Seeing the tool in action
We’ve discussed a lot about what DALL-E is and what it is capable of. Now, it’s time to see the tool in action. Check out the images below that highlight what this is tool is capable of.
Did you say a solar panel shipping container?
An IT guy from 1506?
Created with DALL·E 2 by @OpenAI— Merzmensch Kosmopol (@Merzmensch) April 27, 2022
📝 "An IT-guy trying to fix hardware of a PC tower is being tangled by the PC cables like Laokoon. Marble, copy after Hellenistic original from ca. 200 BC. Found in the Baths of Trajan, 1506."
🔎 He just can't#DALLE // #dalle2 // #DALLEmerz pic.twitter.com/5kZ9p9u6Ph
An artwork featuring a kid and a dog
Such realistic images
That’s absurd but wonderful
Did someone say Teddy bears?
Looks like DALL-E is competing with DaVinci now
What are the risks involved?
So, we saw what DALL-E is capable of creating. What’s more impressive is the fact that it can create such realistic images using only a simple piece of text.
But while the amazingness of DALL-E is there for all to see, we must also talk a bit about its limitations and risks. Here are a few of them –
- Language models of such large size are often prone to bias, toxicity, stereotypes, or behaviors that can be discriminatory.
- The tool, when in the wrong hands, can be used to create prohibited images that might be used to threaten or harass others.
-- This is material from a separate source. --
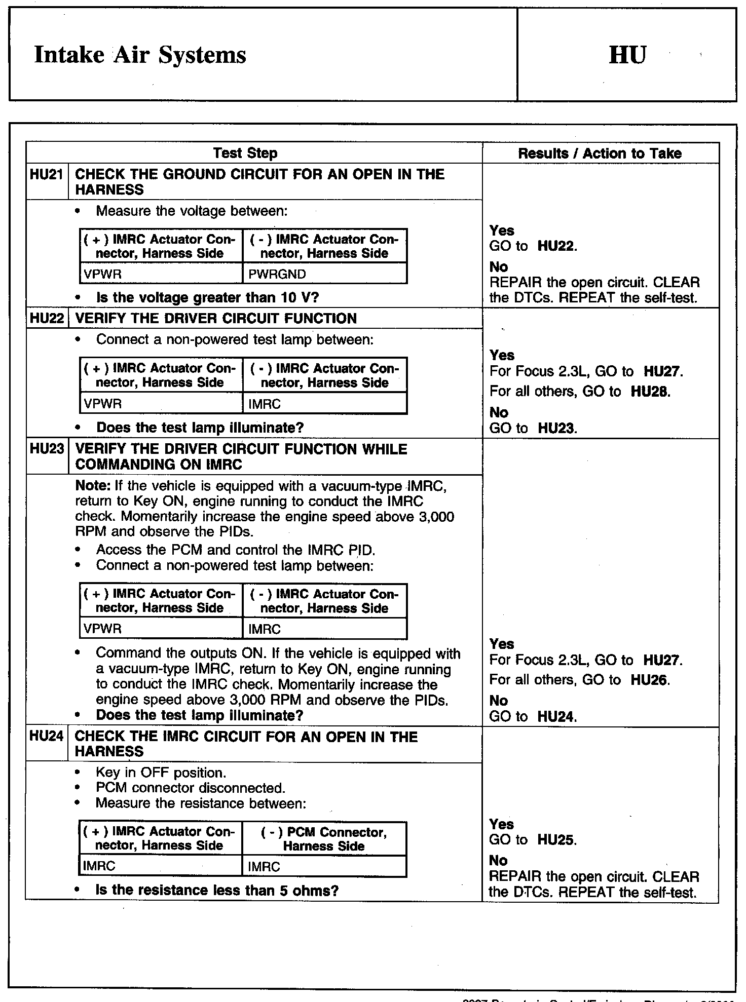 Home >> Ford >> 2007 >> Edge AWD V6-3.5L >> Repair and Diagnosis >> Powertrain Management >> Computers and Control Systems >> Testing and Inspection >> Pinpoint Tests >> Tests HU: Intake Air System

Think of how deepfake technology has the potential to be misused by cybercriminals.
- It can be used to create explicit content.
- It can be used to spread fake news and misinformation.
The risks seem scary and therefore, organizations need to be extra careful in how they choose to use this tool.
DALL-E is not the only AI image generator in the market. There are many alternatives available albeit not as popular as DALL-E.
Here are a few top alternatives to DALL-E –
- Deep Dream Generator by Google
- Big Sleep
- AI Gahaku
DALL-E, as of now, is not available for everyone. The lucky few who will get access to the tool will get 50 credits in the first month to try out the tool.
As for the future implications, it’s hard to predict the various avenues where we will find the applicability of this tool. But one thing is for certain – DALL-E represents an exciting future and gives us a glimpse into what the future of AI might look like.